Tipos de transportín para perros: ventajas e inconvenientes
Transportín rígido de plástico
Es el clásico de dos piezas unidas por tornillos o clips, con puerta frontal de rejilla. Protege bien, se limpia con un trapo húmedo y es el único formato aceptado para bodega cuando cumple los requisitos de la normativa aérea. A cambio pesa bastante en tallas grandes, ocupa espacio en casa y la ventilación depende mucho del modelo: los buenos llevan rejillas en los cuatro laterales, no solo en la puerta.
A quién le conviene: perros de cualquier talla que vuelen, viajen en coche o necesiten un refugio cerrado y oscuro.
Jaula metálica plegable
Formada por rejilla de alambre, con bandeja extraíble en la base y, en muchos modelos, un separador interior que permite ir ampliando el espacio según crece el cachorro. Ventila de maravilla, se pliega para guardarla y es la opción más cómoda para el maletero de un coche familiar. Su punto débil es que no aísla: un perro nervioso puede agobiarse al ver todo lo que pasa alrededor, aunque se soluciona cubriéndola con una manta ligera.

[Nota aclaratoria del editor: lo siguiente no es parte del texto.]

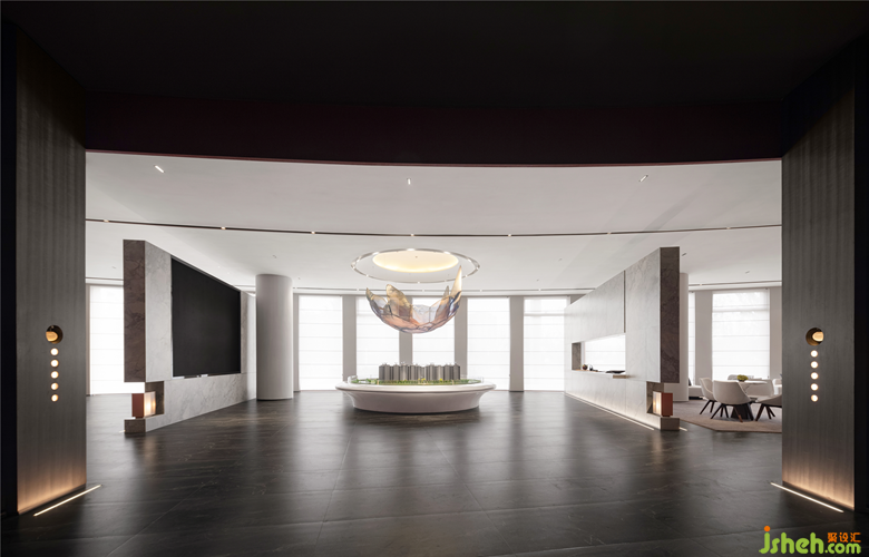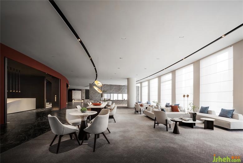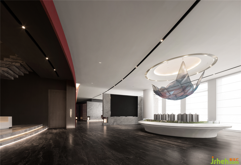 南京售樓處設計曲線落地玻璃幕窗最大化地將室外光景移入室內(nèi),與室內(nèi)光影相映成趣,開闊空間視覺,更好地體驗溝通的樂趣。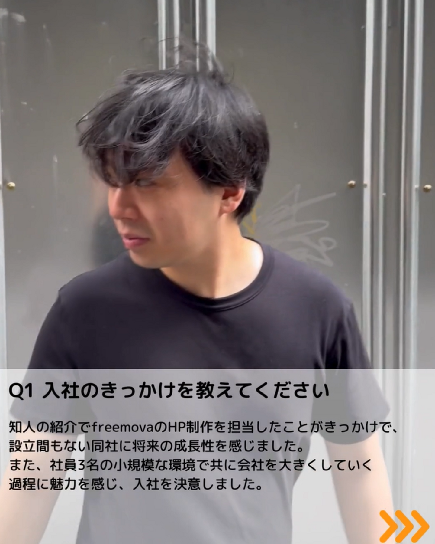 Q1:freemovaへの入社きっかけと決めてを教えてください

A quién le conviene: perros medianos y grandes que viajan en coche, y cachorros en fase de adaptación al descanso en un espacio propio.
Bolsa o transportín blando
Estructura textil con varillas internas, asas y correa de hombro. Pesa poquísimo y se guarda plegada, pero solo sirve para perros pequeños y trayectos en los que el animal va tranquilo. No protege frente a un golpe y algunos perros aprenden a abrir la cremallera desde dentro, así que conviene elegir modelos con cierre doble o mosquetón de seguridad.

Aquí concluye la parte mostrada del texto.